++++ Data section

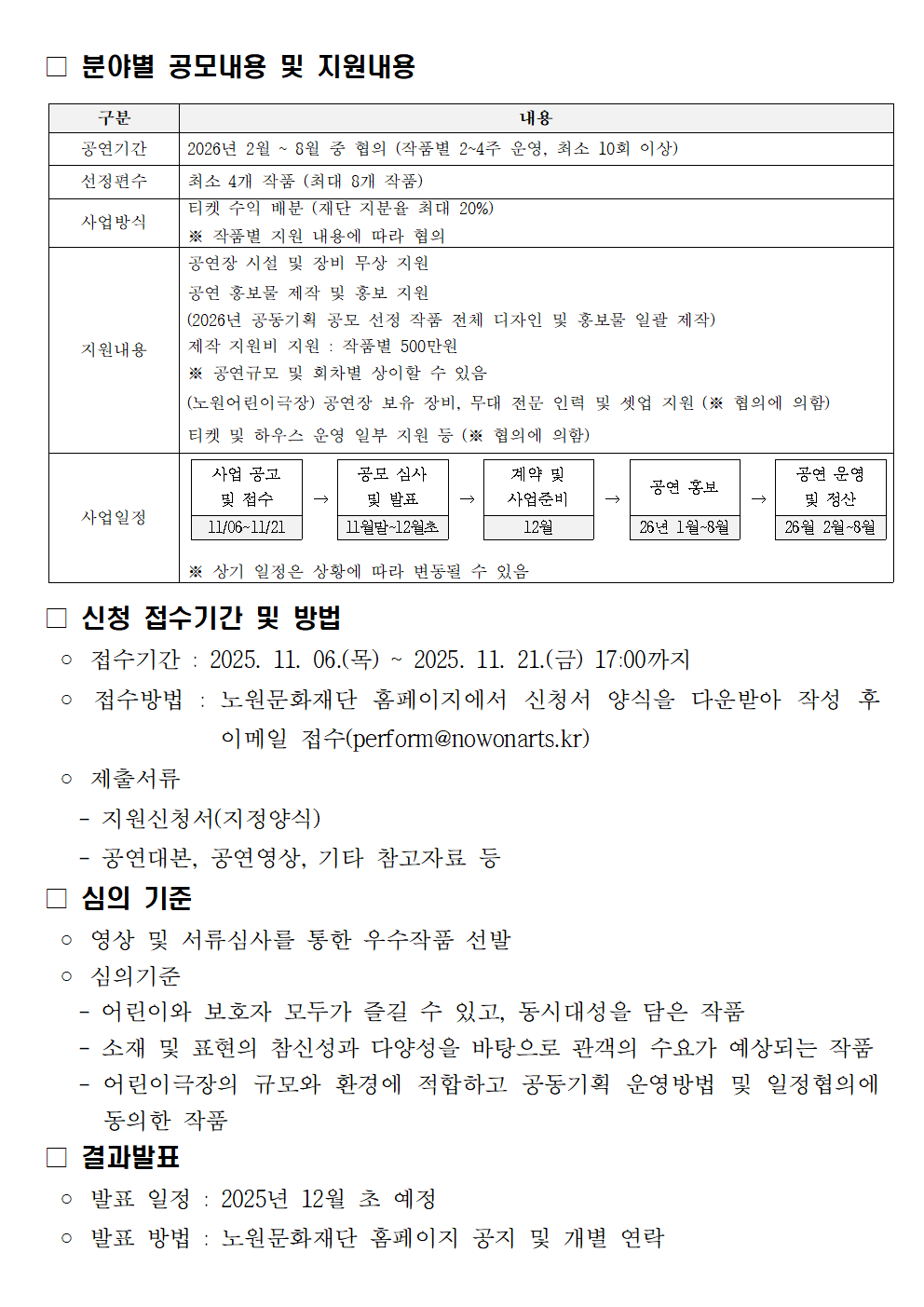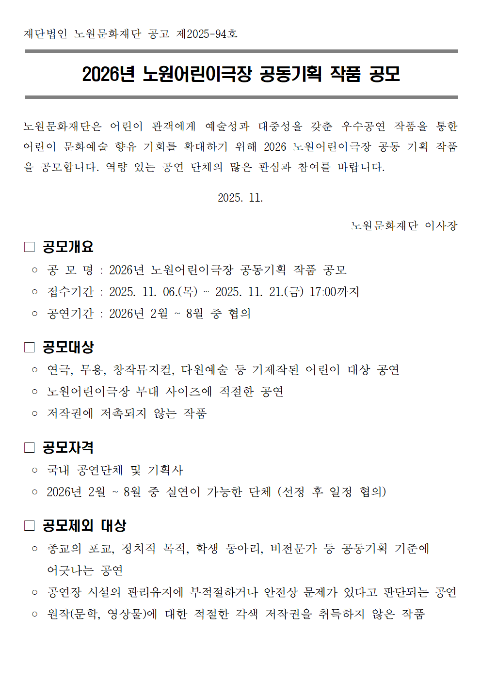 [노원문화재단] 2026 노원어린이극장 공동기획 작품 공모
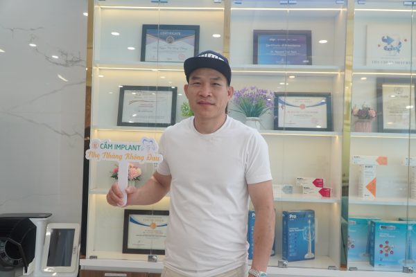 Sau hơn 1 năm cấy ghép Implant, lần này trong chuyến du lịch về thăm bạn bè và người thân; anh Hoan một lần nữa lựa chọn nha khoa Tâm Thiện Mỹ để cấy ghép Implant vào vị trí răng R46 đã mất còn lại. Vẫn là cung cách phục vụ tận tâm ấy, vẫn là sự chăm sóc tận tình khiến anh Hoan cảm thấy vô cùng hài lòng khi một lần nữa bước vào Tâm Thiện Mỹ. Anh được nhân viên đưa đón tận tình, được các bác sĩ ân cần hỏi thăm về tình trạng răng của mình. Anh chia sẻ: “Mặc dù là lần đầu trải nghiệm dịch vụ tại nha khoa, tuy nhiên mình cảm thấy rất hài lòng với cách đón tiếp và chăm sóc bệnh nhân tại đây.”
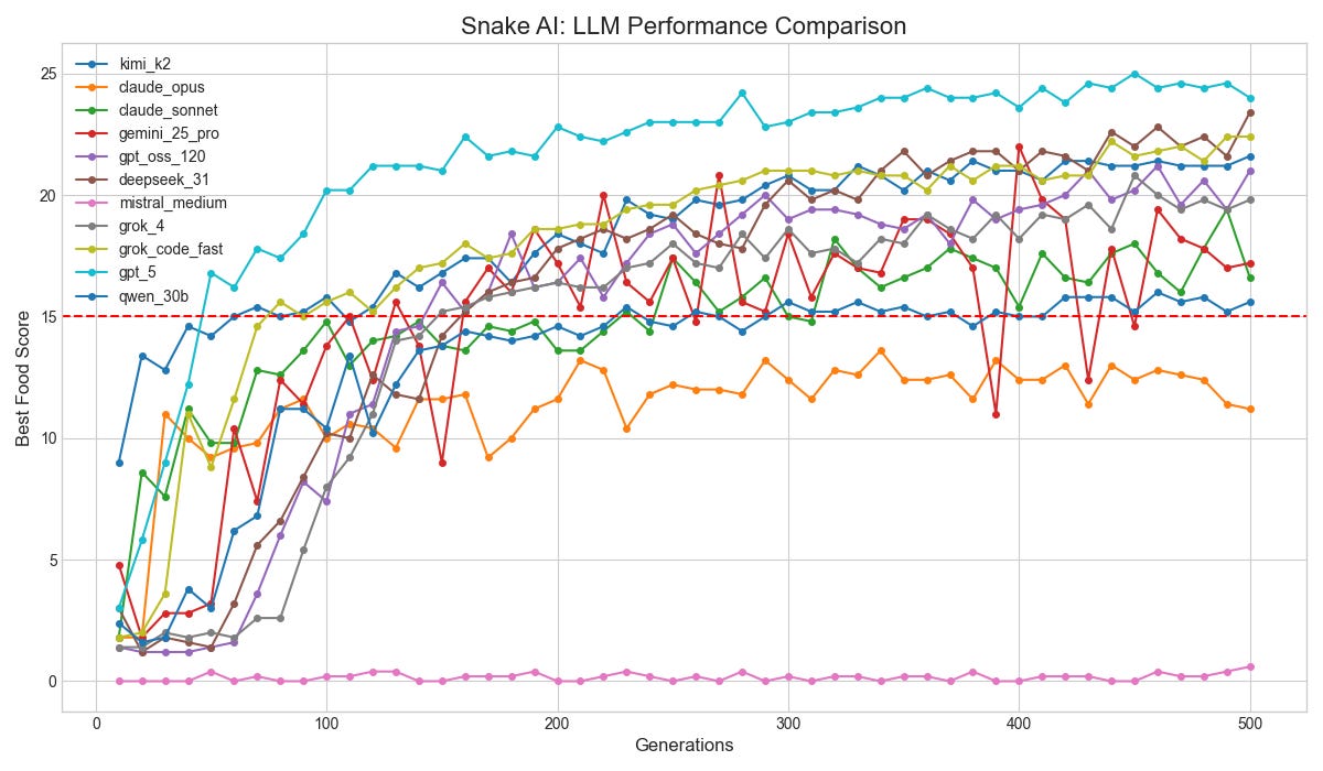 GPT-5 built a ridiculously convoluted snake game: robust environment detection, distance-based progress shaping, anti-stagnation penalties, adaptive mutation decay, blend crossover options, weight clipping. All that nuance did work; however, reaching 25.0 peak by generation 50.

++++++++

• Problem description:
Please reproduce all the material exactly. Pictures stay out of the copy.

• Output of the exercise:
 [노원문화재단] 2026 노원어린이극장 공동기획 작품 공모
 Sau hơn 1 năm cấy ghép Implant, lần này trong chuyến du lịch về thăm bạn bè và người thân; anh Hoan một lần nữa lựa chọn nha khoa Tâm Thiện Mỹ để cấy ghép Implant vào vị trí răng R46 đã mất còn lại. Vẫn là cung cách phục vụ tận tâm ấy, vẫn là sự chăm sóc tận tình khiến anh Hoan cảm thấy vô cùng hài lòng khi một lần nữa bước vào Tâm Thiện Mỹ. Anh được nhân viên đưa đón tận tình, được các bác sĩ ân cần hỏi thăm về tình trạng răng của mình. Anh chia sẻ: “Mặc dù là lần đầu trải nghiệm dịch vụ tại nha khoa, tuy nhiên mình cảm thấy rất hài lòng với cách đón tiếp và chăm sóc bệnh nhân tại đây.”
 GPT-5 built a ridiculously convoluted snake game: robust environment detection, distance-based progress shaping, anti-stagnation penalties, adaptive mutation decay, blend crossover options, weight clipping. All that nuance did work; however, reaching 25.0 peak by generation 50.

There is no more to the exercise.